The pace of vaccine rollout in Europe is slower than in the United Kingdom. People have reported taking the AstraZeneca vaccine after European leaders questioned its effectiveness.
Merkel was asked by the German newspaper Frankfurter Gaeljemin whether she would receive a dose of the AstraZeneca vaccine to understand if such a vaccine was not effective in Europe.
The chancellor said she would not get the vaccine because it was not valid for people over 65 in Germany. “I am 66 years old and not of the recommended group for AstraZeneca,” he told the paper.
Recent trials in Scotland have linked the drastic drop in the risk of hospitalization in the elderly to the AstraZeneca vaccine.

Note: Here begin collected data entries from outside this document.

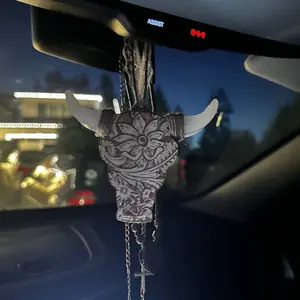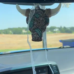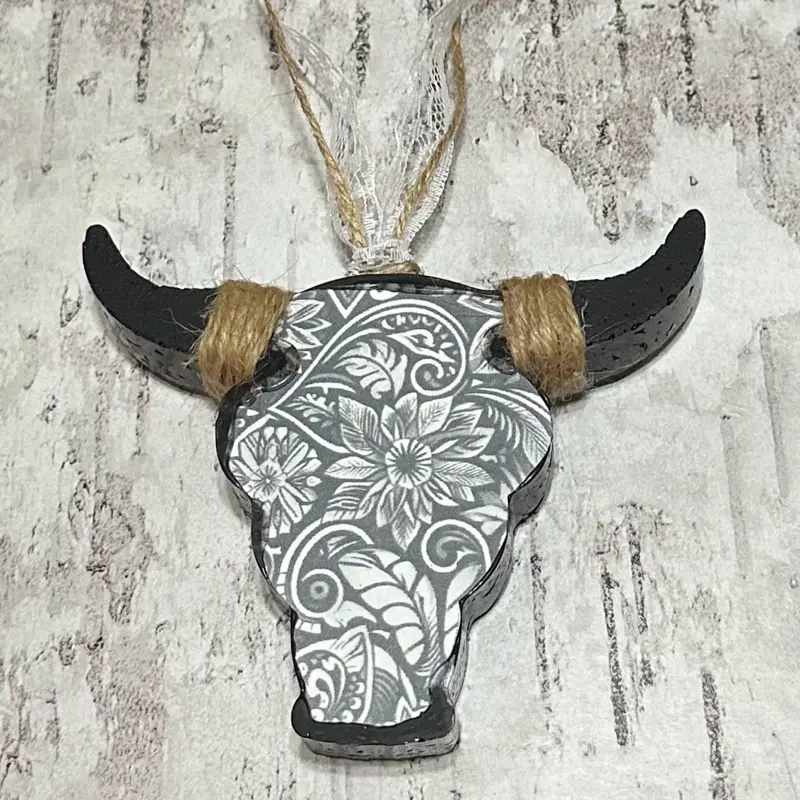Hanging Car Freshie, Faux Leather Cardstock Skull
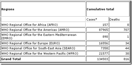 (Note: 50% of these reported deaths are, unusually for novel H1N1, among the elderly. While this is too small a sample to draw any conclusions from, this is something to watch).
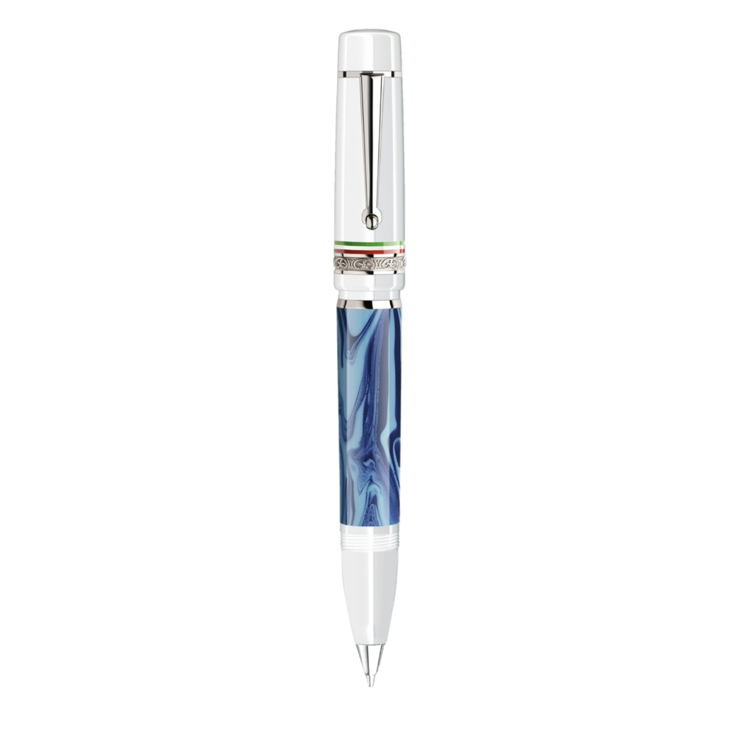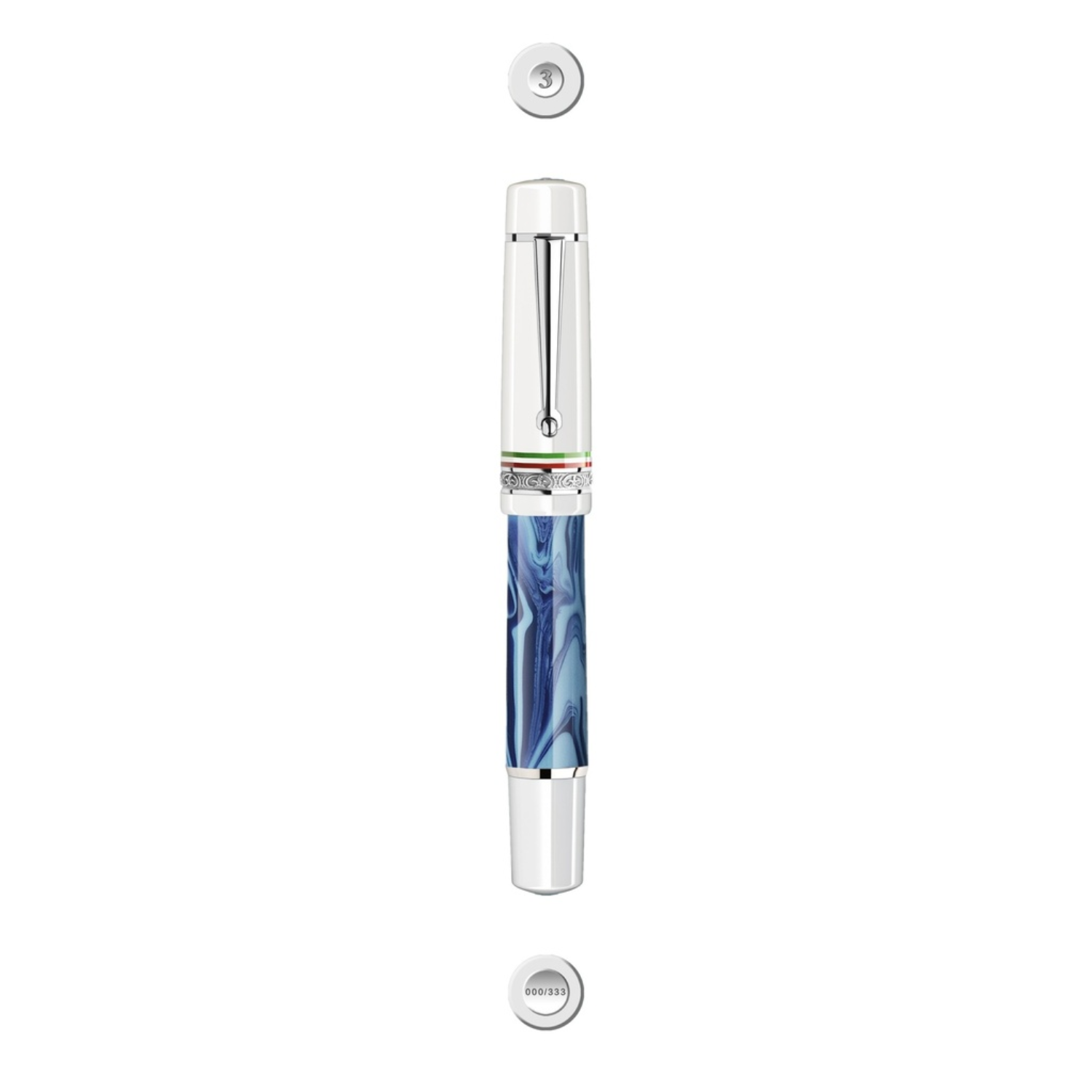 Cada pieza está elaborada con precisión artesanal, torneada a mano a partir de una barra sólida de resina especial en los colores azul y blanco, símbolo del equipo napolitano.

More than 1.4 million doses of the AstraZeneca vaccine are sitting on storage in Germany, while healthcare workers have given only 240,000 doses, Thomas Mertens, who chairs Germany’s standing commission on the vaccine, said this week, according to a New Scientist report.
“We are working very hard on this issue and trying to persuade people to accept the vaccine and really gain the trust of the population in the vaccine,” Mertens told BBC Radio 4’s “Today” program.
“But you know, this is also a kind of mental problem, and unfortunately, it will take some time to reach this goal,” he said.
The German newspaper Handelsblatt recently published a report, citing unnamed German health officials, saying that the astraZeneca vaccine is effective in only 8% of the elderly. The fact-checking website Fulfect said Handelsblatt’s report was “unreliable” and was denied by the German government and AstraZeneca.
Merkel described the “acceptance problem” with the vaccine, which she said was “effective and safe.” He added that the Germans could not choose which vaccine they could receive.
“AstraZeneca is a reliable vaccine, effective and safe, approved by the European Medicines Agency and recommended in Germany up to the age of 65,” he told Frankfurter Gejljamin. “All officials are telling us that this vaccine can be trusted. As long as these vaccines are currently so rare, you can’t choose the vaccine you want to fight.”
Since France faced such problems, President Emmanuel Macron has suggested without evidence that the AstraZeneca vaccine is “semi-ineffective” in people over 65 years of age.
France’s health ministry said on Tuesday that only 107,000 Astrazeneca jobs had been given in the first two weeks of the vaccine rollout, despite the French newspaper La Telegram reporting that more than 700,000 doses had been received in the country.
Officials from Austria, Belgium and Italy have also begun to show some resistance to the British vaccine, France 24 reports.